CFD Modelling of Friction Stir Welding of Aluminum to Steel butt joint

Abstract

In this article effects of friction stir welding (FSW) tool rotational and traverse speeds were studied on heat generation and temperature distribution in welding zone of AA1100 aluminum alloy and A441 AISI joint. Computational fluid dynamics method was used to simulate the process with commercial CFD Fluent 6.4 package. To enhance the accuracy of simulation in this Study, the welding line that is located work-pieces interface, defined with pseudo melt behavior around the FSW pin tool. Simulation results showed that with increase of FSW tool rotational speed, the generated heat became more and dimensions of the stir zone will be bigger. The calculation result also shows that the maximum temperature was occurred on the advancing side. The computed results demonstrated that with increasing tool linear speeds the heat generation experienced growth down trend.
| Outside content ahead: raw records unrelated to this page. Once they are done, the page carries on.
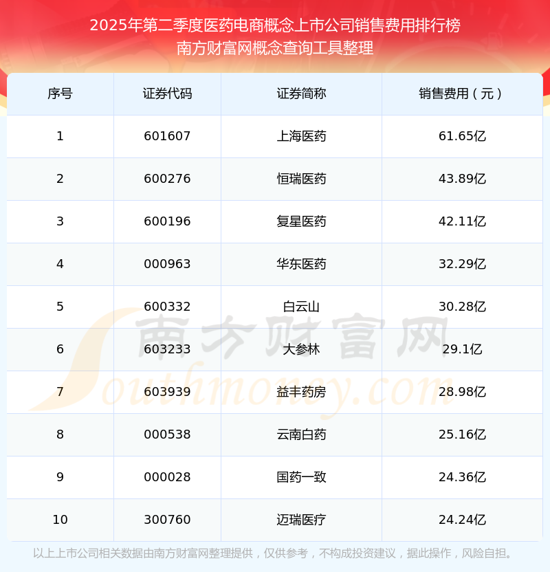 2025年第二季度醫(yī)藥電商概念上市公司銷售費(fèi)用排行榜如下:上海醫(yī)藥(601607)的銷售費(fèi)用總額高達(dá)61.65億,恒瑞醫(yī)藥(600276)和復(fù)星醫(yī)藥(600196)分別位居第二和第三,華東醫(yī)藥(000963)、白云山(600332)、大參林(603233)、益豐藥房(603939)、云南白藥(000538)、國藥一致(000028)、邁瑞醫(yī)療(300760)分別進(jìn)入前十,其銷售費(fèi)用總額分別排名第4-10名。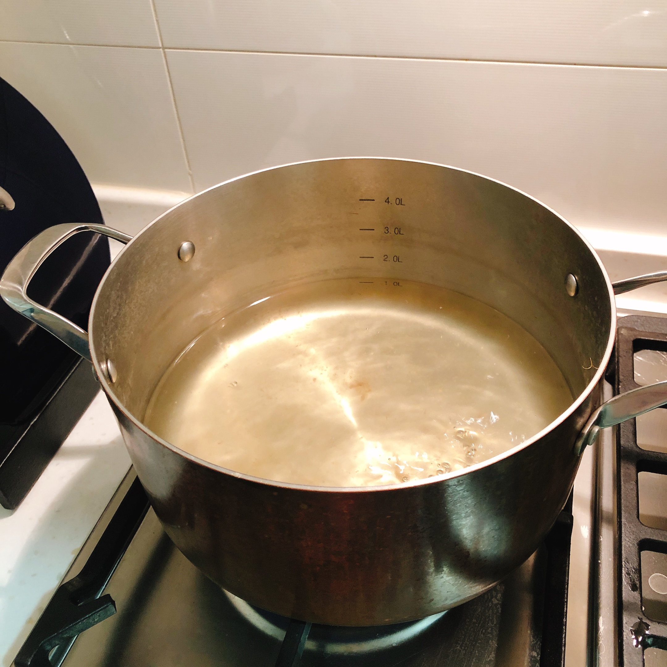 前一天晚上睡覺前,準備一個玻璃容器先將乾香菇(4朵)泡入水(400ml)中並蓋起來常溫保存。當天要煮飯時,乾香菇已泡軟可以切成細絲備用;容器中珍貴的『香菇水』乘載著滿滿的香氣,可以拿來製作高湯。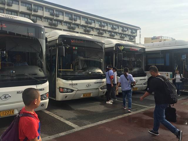 有了头一天的教训,早上七点就起了床,老人已经吃好并带回早点,吃过后带好充足的水我们去火车站广场找游5公交车(306路)(水一定要多带,景点的水售价都很贵,一瓶超市一元的水要售到四五元钱,关键有些景点水都不卖!)路上不停地有黑司机,黑导游推荐景点,价格很低,但不要犹豫,快步走开。火车站附近有很多黑色制服的武警在大伞下值班,可以找他们问路,一般都会很详尽的告诉你怎么走,临走还会叮嘱不要相信黑导游,注意安全,感觉很贴心!赞一下!!到了车站广场远远地就看到很长的一排队伍,我猜应该是306路,走近一看旁边立着306路的牌子,我又确定的问了一下旁边排长队的游客,都说是306,那肯定不会错了,于是开始排队,可能出来比较早,速度比较快就到了车前,放眼一看,前边一排306,丝毫不用担心没车坐,身穿浅蓝色上衣黑色裤子的工作人员数着人数上车,一人一座,人满就走,比较快且有秩序,其他帖子上说904路也是正规公交车,目测了一下,没找到,广场上有些穿工作服的人员也是假的,有一个就告诉我妈妈让往另外一个方向走,所以车站更要加倍小心!公交车全程不上高速所以慢一点,好像两个多小时到达景点公交站,先经过华清宫站,后到兵马俑站,游5末班车是6:30的,一般兵马俑这一站满员华清宫就不停了,所以当日回来的童鞋一定要看好时间,游玩应该先去华清宫,后到兵马俑,最后从兵马俑上返程公交车,我们因为定了晚上8:10分长恨歌的表演,所以提前在去哪网网上加购了华清宫停车场返程的大巴车票(30元/位,儿童也收,虽然觉得贵一点,但省心,看完表演出门几百米就可以上车)。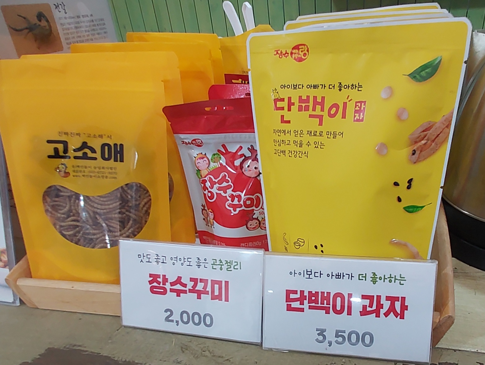 곤충생태체험관 한 켠에 애벌레 과자? 곤충 젤리를 팝니다.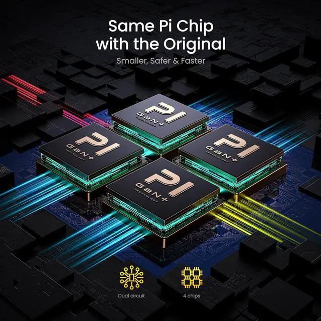 Compact Design & Multiple Safety Protection. Only 2.36*2.36*1.26inches in size and 0.44lb in weight, this GaN+ USB C fast charger features an ultra-compact, lightweight design with foldable prongs for maximum portability wherever you go, perfect for home, office and travel. Moreover, the charger is designed with over-current, over-voltage, over-heating and short-circuit protection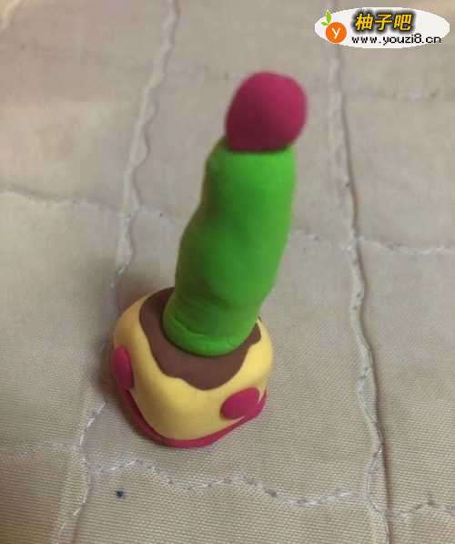 5在拿出红色的彩泥揉成圆形粘到上面。
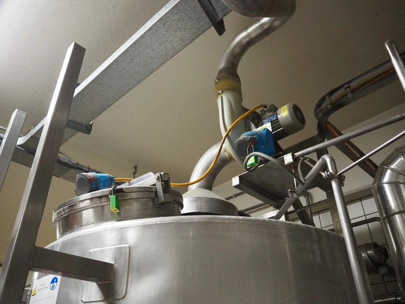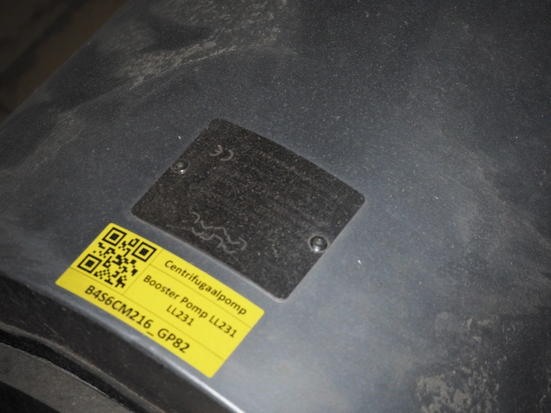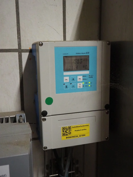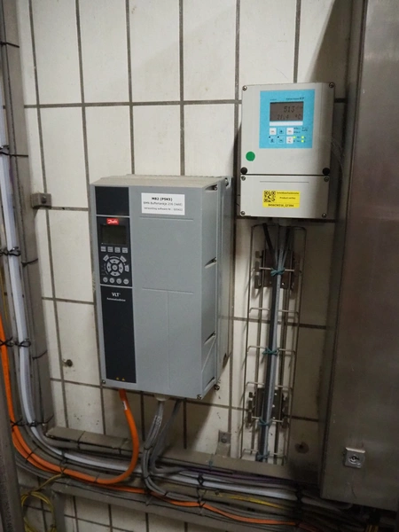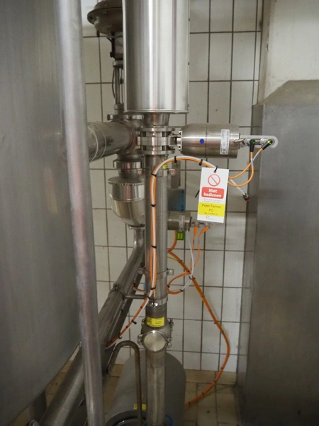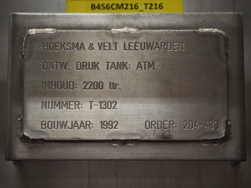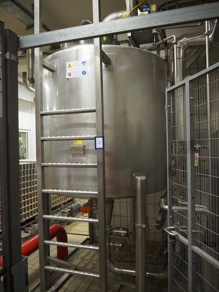 Buffer installation consisting of s/s Hoeksma&Velt Leeuwarden tank, volume: 2200 litres, Alfa Laval centrifugal pump, various valves and Dansfoss frequency converter, dimensions tank: ø 1400 mm x 2800 mm.

With increasing traveling speeds the time to reach maximum temperature in stir zone growth but the tool rotational speed dose not effect on time to reach maximum temperature. The model outcomes show that more than 85% total heat was produced by tool shoulder and the maximum heat with selected parameters in this study was 935 kelvin degrees. The computed results shows that the maximum value of strain rate achieved was 29 S-1 for A441 AISI side and 42 S-1 at AA1100 side.